= EXERCISE OBJECTIVE =
Without including any pictures, copy every line below exactly.

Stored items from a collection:

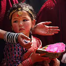 - مارسة البهاكتي أو البوجا لأسباب روحية، والتي يمكن توجيهها إلى المرشد أو لصورة إلهية.[56] والشكل العام المرئي لهذه الممارسة هو العبادة أمام تمثال. وتقول جينان فاولر على أن المراقبين غير الهندوس غالباً ما يخلطون بين هذه الممارسة وبأنها عبادة "لحجر أو عبادة الأوثان ولا شيء أبعد من ذلك"، بينما بالنسبة للكثير من الهندوس، فهي صورة تمثل رمزاً للتعبير الروحي المطلق (براهمان).[56] وقد تركز هذه الممارسة على تمثال من المعدن أو الحجر، أو صورة فوتوغرافية، أو لينغا، أو أي كائن أو شجرة أو حيوان (بقرة) أو أدوات لمهنة الفرد، أو شروق الشمس أو التعبير عن الطبيعة أو لا شيء على الإطلاق. وقد تشمل هذه الممارسة التأمل، وجابا، والعروض أو الأغاني.[56][57] وبحسب إندن تعني هذه الممارسة أشياء مختلفة لمختلف الهندوس، وقد أسيء فهمها، وأسيء تمثيلها كعبادة للأصنام، وقد تم بناء العديد من التبريرات من قبل علماء الهندية الغربيين والهنود.[58]
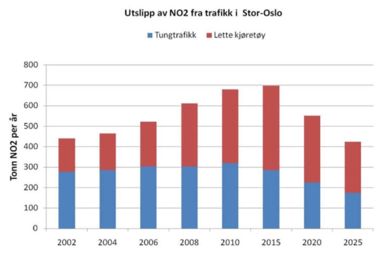 Forventet utvikling i utslipp av NO2 fra trafikk i Stor-Oslo
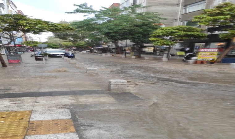 Balıkesir’in Bandırma ilçesinde sabah saatlerinde aniden başlayan yağmur hayatı olumsuz etkiledi. 15 dakika süren yağışta yollar göle döndü.
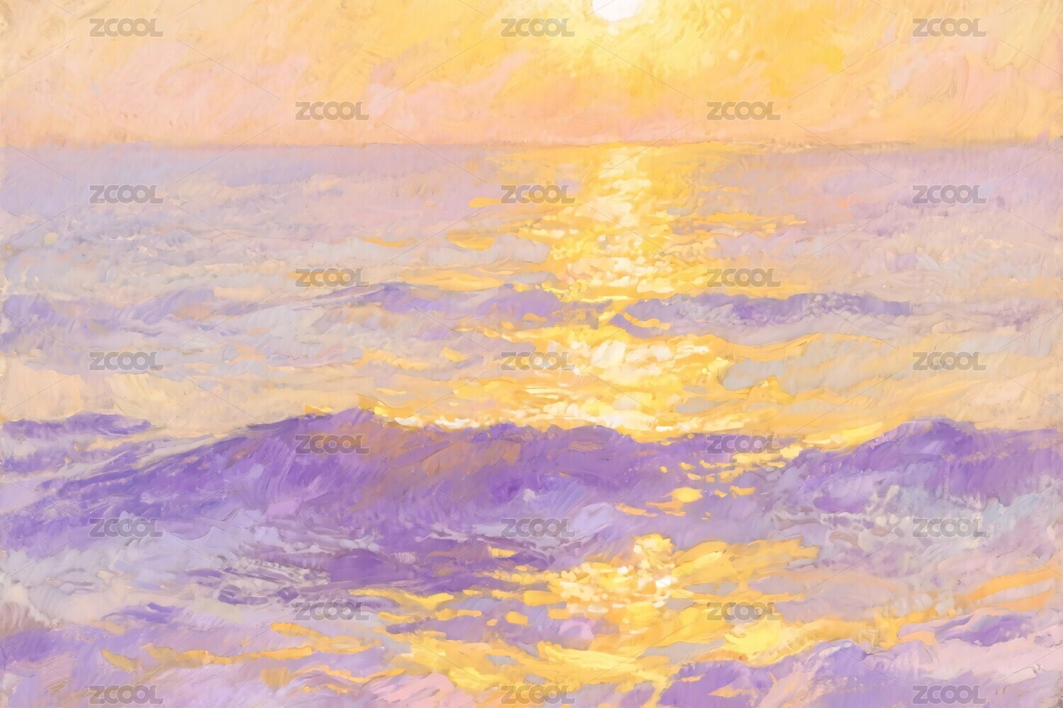 大海,海浪,日落,阳光,天空,绘画,艺术,插画,色彩,美景
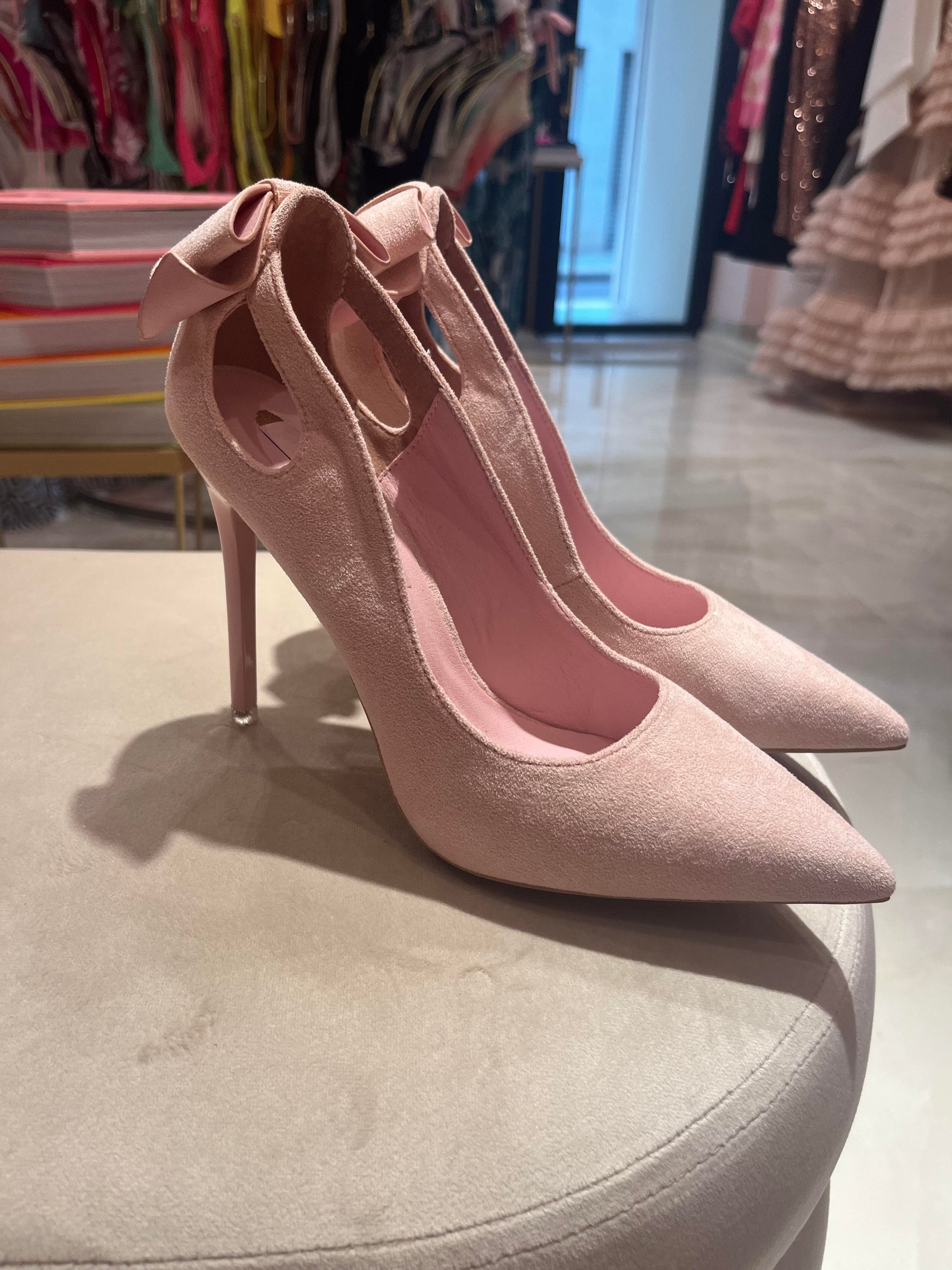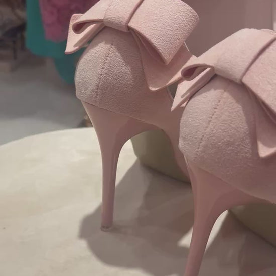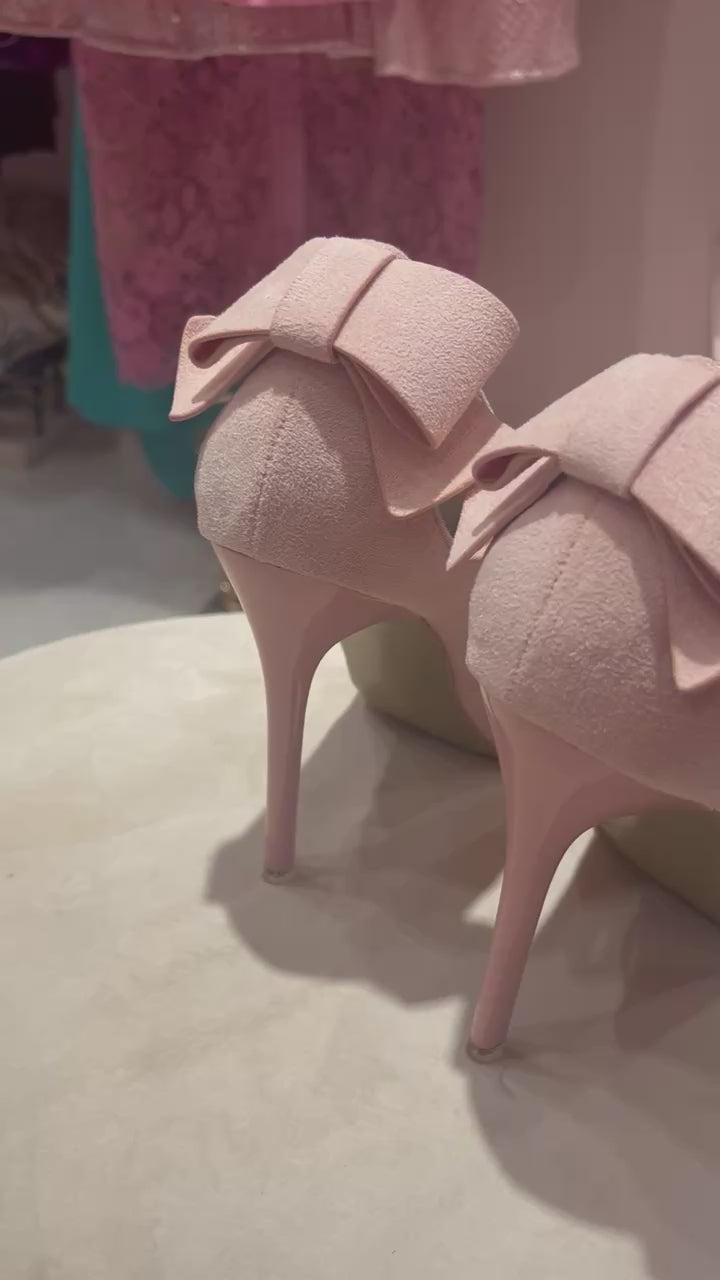 *Light pink suede heels with small bow on the back
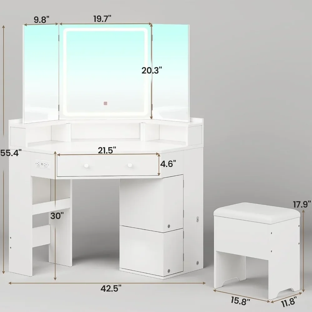 【Modern, Space-Saving Corner Vanity Design】 Fits seamlessly into any corner, making it perfect for small spaces. As a storage master, this vanity set includes a storage bench which allows you to stash some odds and ends.
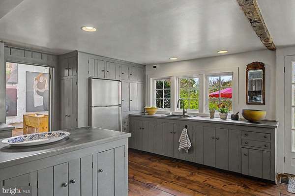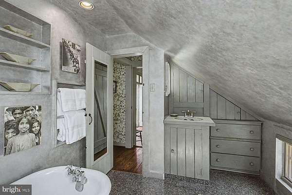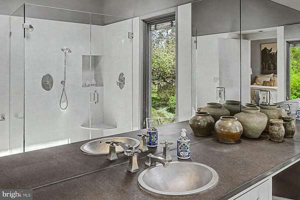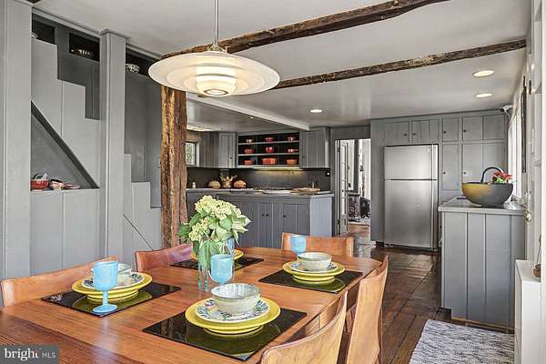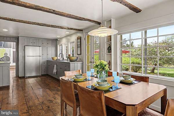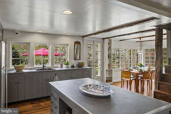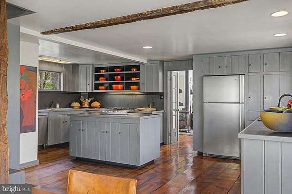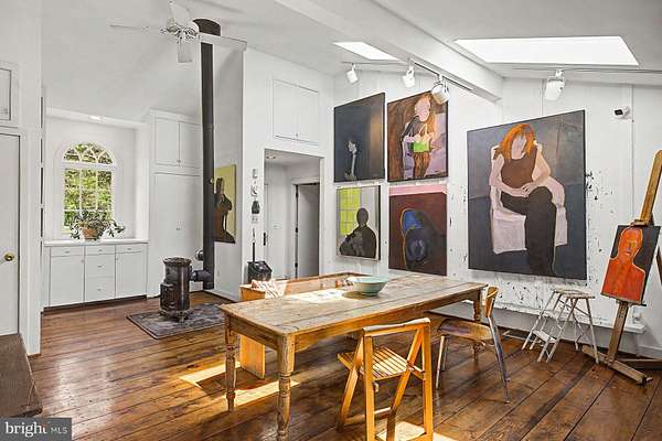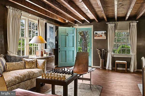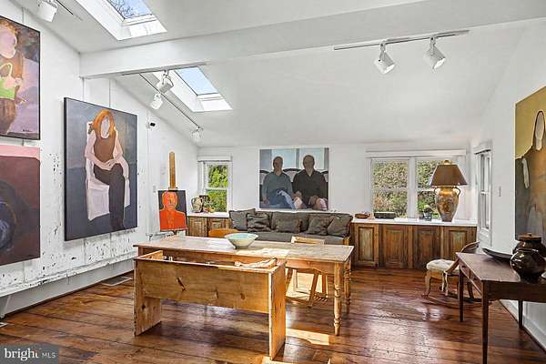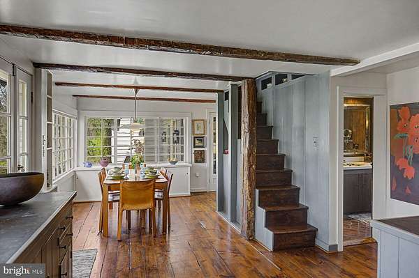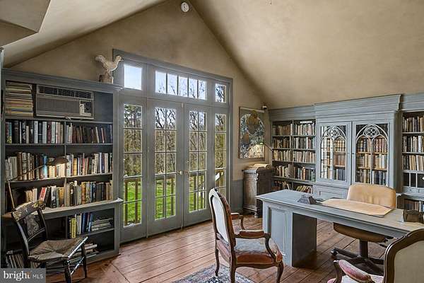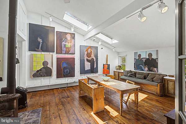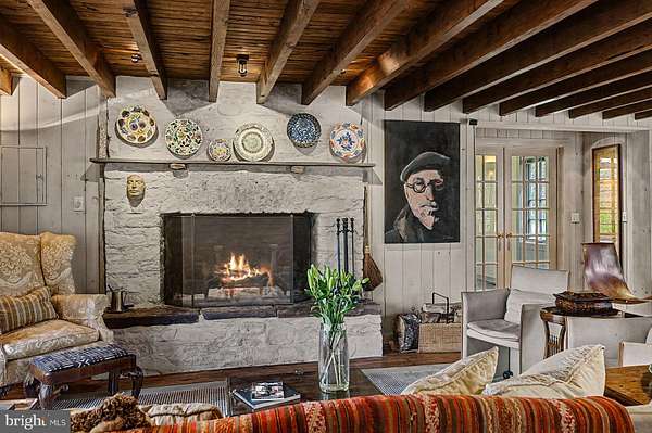 Tucked quietly along a winding drive in the heart of Tinicum Township, this enchanting Bucks County residence offers a rare blend of character, flexibility, and privacy on a beautifully landscaped setting. A series of thoughtfully connected living spaces creates a uniquely versatile floor plan, ideal for today's evolving lifestyles. Multiple entrances and distinct wings provide natural separation for guests, extended family, or work-from-home arrangements, while maintaining a cohesive and inviting flow throughout the home. Rich in architectural detail, the interiors showcase wide-plank wood floors, exposed beams, deep-set windows, and a striking stone fireplace anchoring one of several gathering spaces. Natural light pours into the home's studio and living areas, enhancing its warm, artistic ambiance. The kitchen and baths are functional and full of charm, offering an excellent opportunity for future customization. Generous bedroom accommodations are thoughtfully distributed across the home, providing comfort and privacy. Outdoors, mature trees, curated plantings, and meandering pathways create a peaceful, park-like setting. The property's sense of seclusion is complemented by its proximity to the Delaware River, canal towpath, and the beloved villages and amenities of Upper Bucks County. A truly special offering-equally suited as a full-time residence, weekend retreat, or multi-generational living opportunity-this is a property that invites both quiet enjoyment and inspired living.
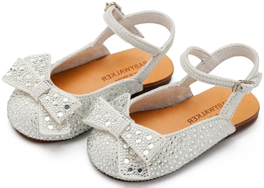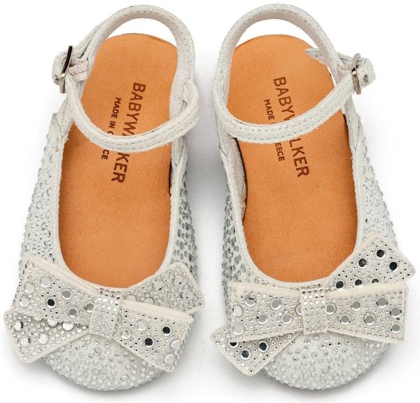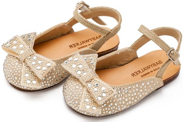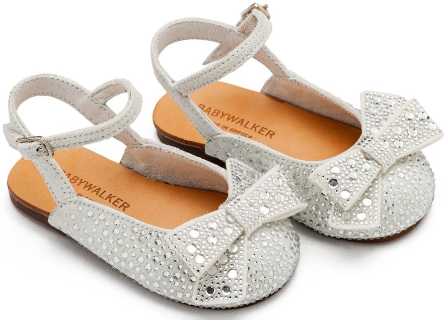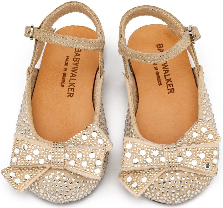 Δερμάτινο Σαμπό Διακοσμημένο Ολόγυρα με Στρας και Φιόγκο σε Μπεζ και λευκό Χρώμα.
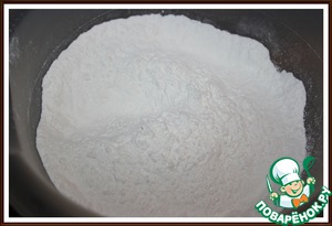 • 2. Муку, разрыхлитель и соль соединить и перемешать.
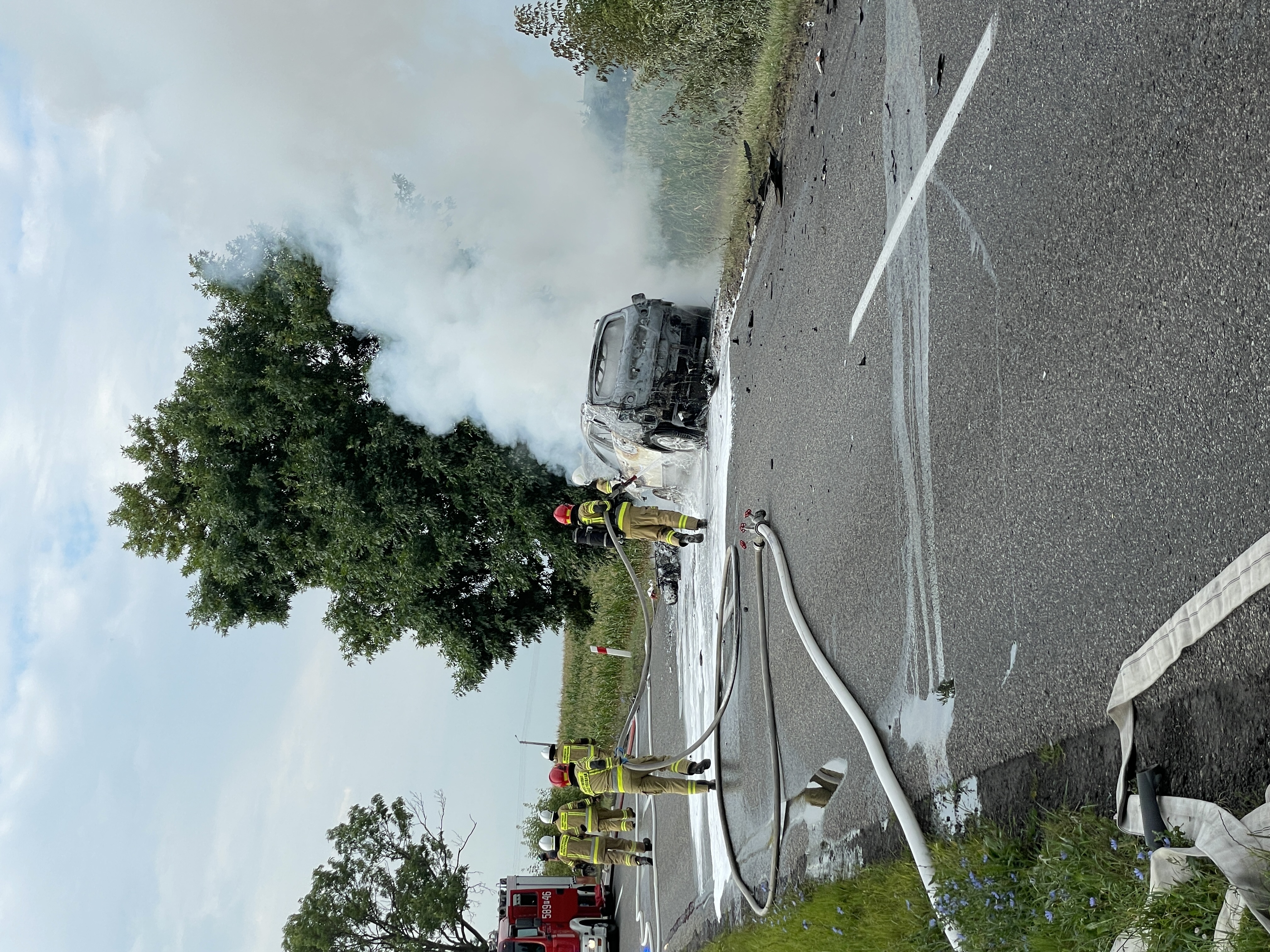 14 sierpnia o godzinie 7.56 do Stanowiska Kierowania Komendanta Powiatowego PSP w Słupcy wpłynęło zgłoszenie o zderzeniu samochodu osobowego z motocyklem – samochód w płomieniach na drodze z Wólki do Witkowa. Po dotarciu pierwszych zastępów straży pożarnej na miejsce zdarzenia zastano pożar samochodu oraz leżącego przed nim motocykla, uczestnicy zdarzenia dwie osoby z samochodu osobowego znajdowały się na poboczu drogi, natomiast kierującym motocyklem zajmował się zespół ZRM, który na miejsce zdarzenia dotarł razem z pierwszym zastępem straży pożarnej. Przez dłuższy czas trwała reanimacja poszkodowanego motocyklisty niestety nie udało się go uratować. Pozostałe dwie osoby zostały zabrane przez zespół ZRM do Szpitala.. Działania straży pożarnej trwały ponad 4 godziny. Podczas zdarzenia ruch na drodze wojewódzkiej 260 na wysokości 26.4 km był wstrzymany – Policja zorganizowała objazdy

= SOLUTION TO THIS TASK =
 - مارسة البهاكتي أو البوجا لأسباب روحية، والتي يمكن توجيهها إلى المرشد أو لصورة إلهية.[56] والشكل العام المرئي لهذه الممارسة هو العبادة أمام تمثال. وتقول جينان فاولر على أن المراقبين غير الهندوس غالباً ما يخلطون بين هذه الممارسة وبأنها عبادة "لحجر أو عبادة الأوثان ولا شيء أبعد من ذلك"، بينما بالنسبة للكثير من الهندوس، فهي صورة تمثل رمزاً للتعبير الروحي المطلق (براهمان).[56] وقد تركز هذه الممارسة على تمثال من المعدن أو الحجر، أو صورة فوتوغرافية، أو لينغا، أو أي كائن أو شجرة أو حيوان (بقرة) أو أدوات لمهنة الفرد، أو شروق الشمس أو التعبير عن الطبيعة أو لا شيء على الإطلاق. وقد تشمل هذه الممارسة التأمل، وجابا، والعروض أو الأغاني.[56][57] وبحسب إندن تعني هذه الممارسة أشياء مختلفة لمختلف الهندوس، وقد أسيء فهمها، وأسيء تمثيلها كعبادة للأصنام، وقد تم بناء العديد من التبريرات من قبل علماء الهندية الغربيين والهنود.[58]
 Forventet utvikling i utslipp av NO2 fra trafikk i Stor-Oslo
 Balıkesir’in Bandırma ilçesinde sabah saatlerinde aniden başlayan yağmur hayatı olumsuz etkiledi. 15 dakika süren yağışta yollar göle döndü.
 大海,海浪,日落,阳光,天空,绘画,艺术,插画,色彩,美景
 *Light pink suede heels with small bow on the back
 【Modern, Space-Saving Corner Vanity Design】 Fits seamlessly into any corner, making it perfect for small spaces. As a storage master, this vanity set includes a storage bench which allows you to stash some odds and ends.
 Tucked quietly along a winding drive in the heart of Tinicum Township, this enchanting Bucks County residence offers a rare blend of character, flexibility, and privacy on a beautifully landscaped setting. A series of thoughtfully connected living spaces creates a uniquely versatile floor plan, ideal for today's evolving lifestyles. Multiple entrances and distinct wings provide natural separation for guests, extended family, or work-from-home arrangements, while maintaining a cohesive and inviting flow throughout the home. Rich in architectural detail, the interiors showcase wide-plank wood floors, exposed beams, deep-set windows, and a striking stone fireplace anchoring one of several gathering spaces. Natural light pours into the home's studio and living areas, enhancing its warm, artistic ambiance. The kitchen and baths are functional and full of charm, offering an excellent opportunity for future customization. Generous bedroom accommodations are thoughtfully distributed across the home, providing comfort and privacy. Outdoors, mature trees, curated plantings, and meandering pathways create a peaceful, park-like setting. The property's sense of seclusion is complemented by its proximity to the Delaware River, canal towpath, and the beloved villages and amenities of Upper Bucks County. A truly special offering-equally suited as a full-time residence, weekend retreat, or multi-generational living opportunity-this is a property that invites both quiet enjoyment and inspired living.
 Δερμάτινο Σαμπό Διακοσμημένο Ολόγυρα με Στρας και Φιόγκο σε Μπεζ και λευκό Χρώμα.
 • 2. Муку, разрыхлитель и соль соединить и перемешать.
 14 sierpnia o godzinie 7.56 do Stanowiska Kierowania Komendanta Powiatowego PSP w Słupcy wpłynęło zgłoszenie o zderzeniu samochodu osobowego z motocyklem – samochód w płomieniach na drodze z Wólki do Witkowa. Po dotarciu pierwszych zastępów straży pożarnej na miejsce zdarzenia zastano pożar samochodu oraz leżącego przed nim motocykla, uczestnicy zdarzenia dwie osoby z samochodu osobowego znajdowały się na poboczu drogi, natomiast kierującym motocyklem zajmował się zespół ZRM, który na miejsce zdarzenia dotarł razem z pierwszym zastępem straży pożarnej. Przez dłuższy czas trwała reanimacja poszkodowanego motocyklisty niestety nie udało się go uratować. Pozostałe dwie osoby zostały zabrane przez zespół ZRM do Szpitala.. Działania straży pożarnej trwały ponad 4 godziny. Podczas zdarzenia ruch na drodze wojewódzkiej 260 na wysokości 26.4 km był wstrzymany – Policja zorganizowała objazdy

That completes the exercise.